The Fed has raised rates by a quarter-percentage point at seven straight policy meetings, but the chance that it might switch to half-percentage-point increases could help lure more foreign investors to short-term dollar deposits.
The dollar has so far this week enjoyed its strongest run against a basket of currencies since the first week of the year, when it unexpectedly jumped higher.
As of 0543 GMT, the euro fetched $1.2943 after earlier dipping to around $1.2930, its lowest level since Feb. 14.
The single European currency has fallen 5.4 percent from a record high near $1.3670 hit in December.
The dollar was at around 106.31 yen, little changed from late levels in the United States after having struck a fresh six-week high of 106.58 yen in New York.
FOCUS ON FUNDAMENTALS
The market's attention has turned to U.S. data due out next week, particularly the March payrolls report, which could shed further light on the outlook for U.S. interest rates.
Economists expect the payrolls data, due next Friday, to show that the U.S. economy created 220,000 jobs in March, down from 262,000 in February, which was the biggest gain in four months.
The report will be the highlight of a U.S. data-heavy week that includes the final reading of fourth-quarter gross domestic product and the February reading of the PCE index -- an inflation gauge favoured by the Fed.
So long as the market is focused on what U.S. economic figures may indicate about future Fed moves, some in the market said that Japanese data, including the Bank of Japan's closely watched tankan survey at the end of next week, could have limited sway over the market.

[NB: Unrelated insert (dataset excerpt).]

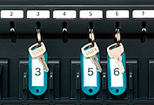 本体の外側、中のクリップ部、キーホルダー型名札それぞれにラベルを設けました。鍵を探しやすく、掛け間違いも防ぎます。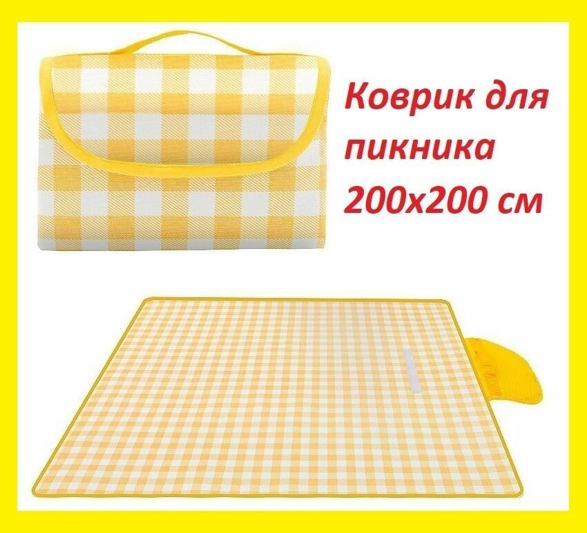 Коврик для пикника 200х200 см / Покрывало для похода, кемпинга, пляжа, отдыха на природе и загара желтое информация:

Business sentiment in the quarterly poll, also due out next Friday, probably improved marginally in March but likely remained subdued due to slack exports and rising oil prices, economists polled..
The previous poll showed a worsening of sentiment for the first time in seven quarters.
A slip in consumer prices in Japan caused barely a ripple in the currency market.
Data released on Friday showed that the nationwide core consumer price index, a key benchmark for monetary policy, fell 0.4 percent in February from a year earlier.